If we put all the pasta we eat in a year end to end, what percentage of Earth’s circumference would that take up?

There’s a name for the estimation problems my mother liked to pose: Fermi Problems, named after the Italian physicist Enrico Fermi, who had an uncanny knack for making spot-on approximations with little actual data on hand. One of the most famous examples is: How many piano tuners are there in Chicago?

Without looking, I could guess that Chicago’s population is somewhere between one and five million people. Using 2.5 million to start, and assuming an average household has four people, we would have 625,000 households. Say one out of five households has a piano; that gets us to about 125,000 pianos. Let’s say they all get tuned once a year. Now the question is how many pianos a tuner can service annually. I’ll guess that one can tune three pianos a day. Multiply by five days a week, for 50 weeks a year, and that comes out to about 750 pianos per tuner per year. Divide the number of pianos (125,000) by 750, and we get roughly 170 tuners across Chicago. The goal here isn’t knowing the exact number but rather being able to estimate the right order of magnitude using nothing but common sense.

When I was young, I chafed under my mom’s questioning, more concerned with getting my homework done so I could play.

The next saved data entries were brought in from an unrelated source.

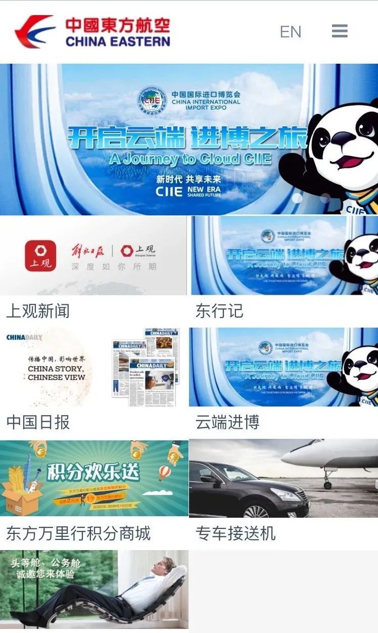 此外,东航的空中WIFI平台也将上线“东航进博会云端分会场”,聚合展示进博会官网、进博新闻等专题内容。旅客在乘坐东航航班时,可通过空中WIFI登录界面的进博专栏便捷访问相关内容,实时了解进博会最新动态。了解详情,请戳文末“阅读原文”哦~~
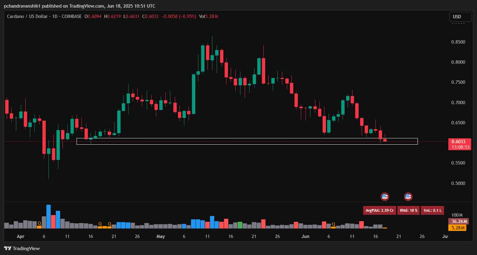 カルダノの価格は、4月のブレイクアウト後、再び0.60ドルのサポートレベルに達しました。この ADA のニュースは、価格の動きが次のトレンドを決定する可能性があるため、投資家に不安をもたらしています。
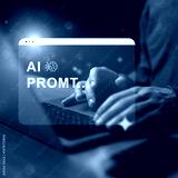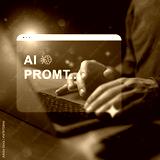 Creative process for generating AI prompts using a laptop in a cozy workspace setting at night

But now that I have no actual problem sets due, I’ve found myself returning to these problems as a way to entertain myself, the more absurd, the better.

Over dinner with my husband, I’ve asked: If we put all the pasta we eat in a year end to end, what percentage of the Earth’s circumference would that take up? While lying together in bed: How many penguins do you think would fit in our bedroom? As our cat jumps onto my sternum, waking me up before my alarm: What do you think Polo’s volume is in cubic inches?

Only after we make our best guesses do we turn to our phones for the internet’s answer. Actually, Google isn’t usually that helpful. “How many sq. ft. does a penguin occupy?” doesn’t yield any satisfying answers. Reddit, in typical tongue-in-cheek fashion, suggests the best way to calculate the volume of a cat is to stun the poor animal and throw it in a tub of water, then measure the amount of water displaced. Amid much giggling, though, we always learn fun things. Now I know that the smallest penguin in the world is called the fairy penguin. Spaghetti traditionally was as long as 20 inches, before shrinking by half to accommodate modern-day packaging.

I could argue for the practical benefits of a Fermi mind-set, but that’s not why I love these questions. Contemplating Fermi problems keeps me curious about the world and how things relate to one another. The pasta question impressed on me just how big Earth was. (We figured that even our most ardent pasta eating would get us only 0.01 percent around the Equator.) If you’re interested in trying one, consider: If you didn’t limit yourself to the questions you knew Google had a ready answer for, what would you want to know? The point is to imagine the infinite cosmos, not to organize it, label it or conquer it.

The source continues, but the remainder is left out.